Iron deficiency anemia Clinical
biochemistry: Iron is an essential for
carrying oxygen in the body (respiration). A deficiency of iron leads to: limited
oxygen delivery to cells; fatigue, poor work performance; decreased immunity. Excess amounts of iron can result in toxicity
and can be very dangerous. Hemoglobin, the protein in red blood cells that carries oxygen to
tissues, contains almost two-thirds of iron in the body. Two forms
of dietary iron: heme and nonheme iron. Heme iron is derived from
hemoglobin. Heme iron is found in animal foods that originally contained
hemoglobin, such as red meats, fish, and poultry. Iron in plant foods such as
lentils and dry beans is called nonheme iron. This is the form of iron added to
iron-enriched and iron-fortified foods.
Nonheme iron occurs in two states in the body.

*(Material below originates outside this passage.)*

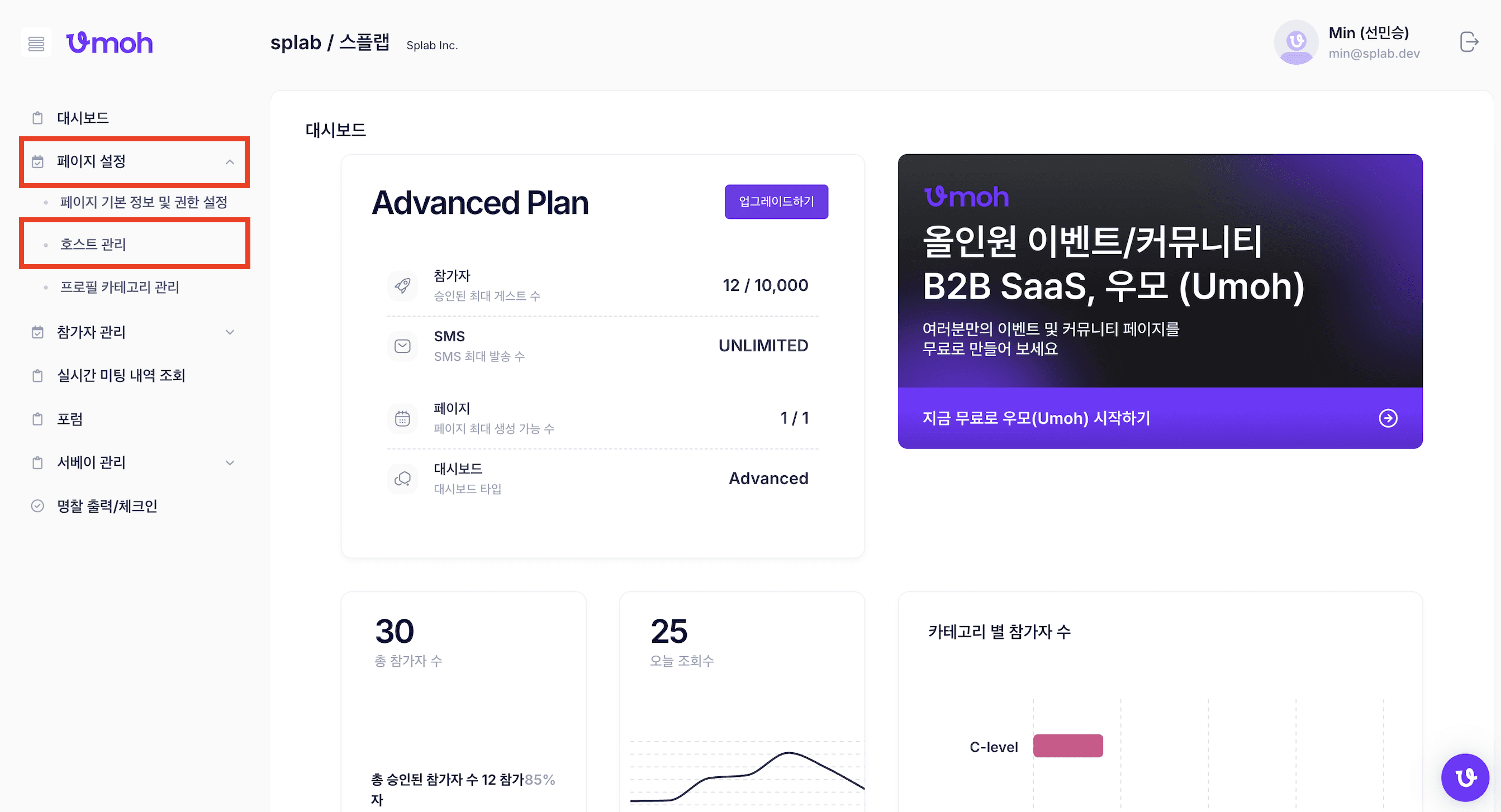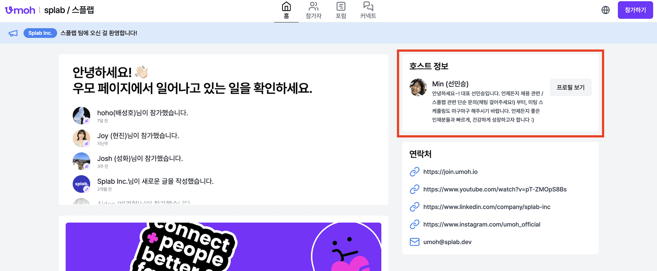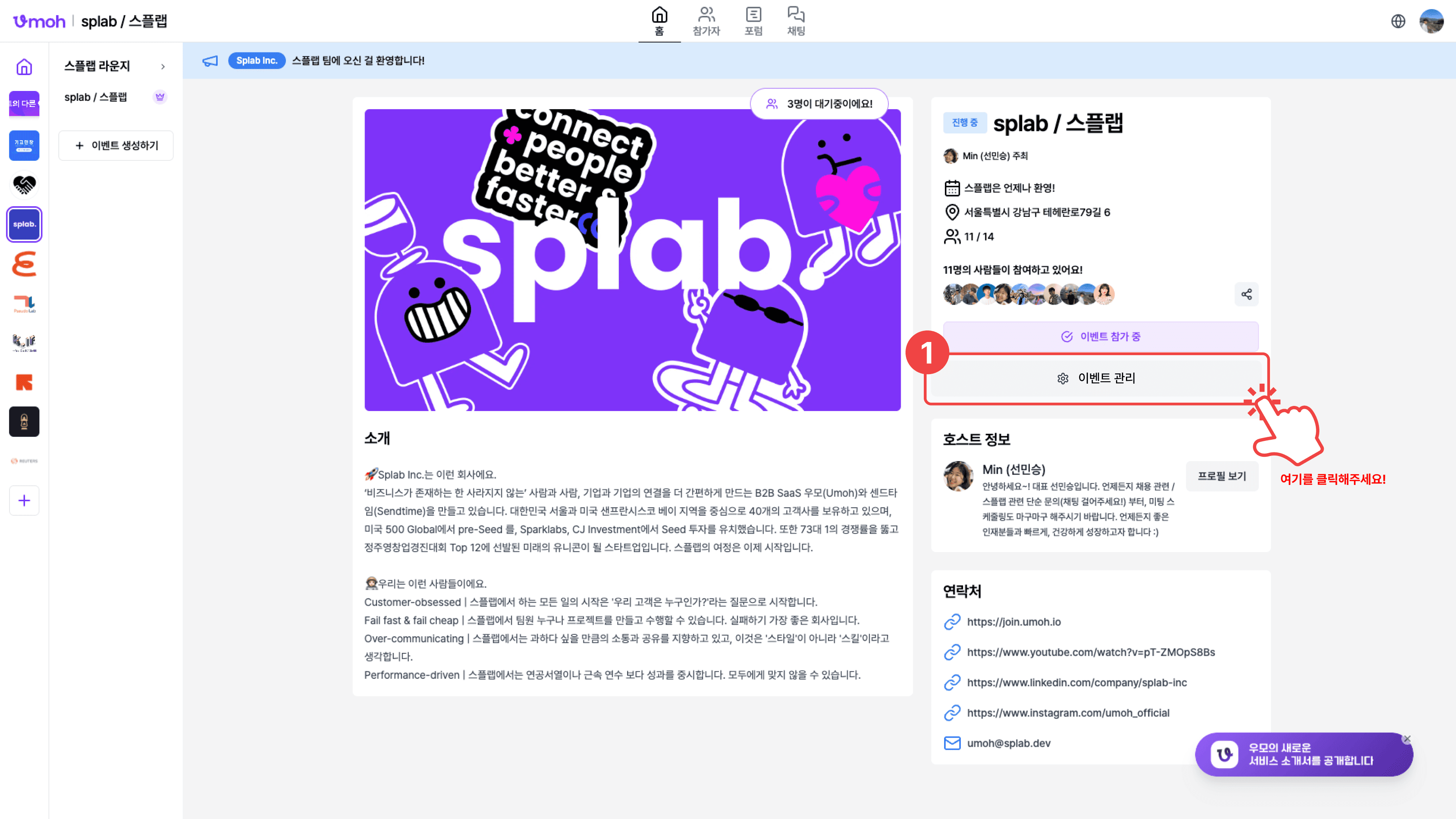 10. 위의 보라색 버튼을 누르면 이렇게 호스트 모달이 떠있는 이벤트 페이지에 오게 됩니다.

The state or form that is able to enter the cells of the intestine is
important. Taking vitamin C and
foods containing this vitamin (oranges, lemon, lime, red and green pepper [capsicum]
in the same meal along with dietary sources of iron will improve the absorption
of nonheme. This is owing to the
capacity of vitamin C to keep ion in the particular state that is able to enter
the cells of the intestine; tea, calcium, dry beans, peas (legumes), kale (dark
green vegetable), etc., consumed in the same meal, can decrease the absorption
of nonheme iron (due to the presence of phytates in these foods). It is most
important to include foods that enhance nonheme iron absorption when daily iron
intake is less than recommended, when iron losses are high. Some sources of nonheme
iron: fortified cereal, oat meal, dry
beans, soybeans, lentils, black eyed beans, etc.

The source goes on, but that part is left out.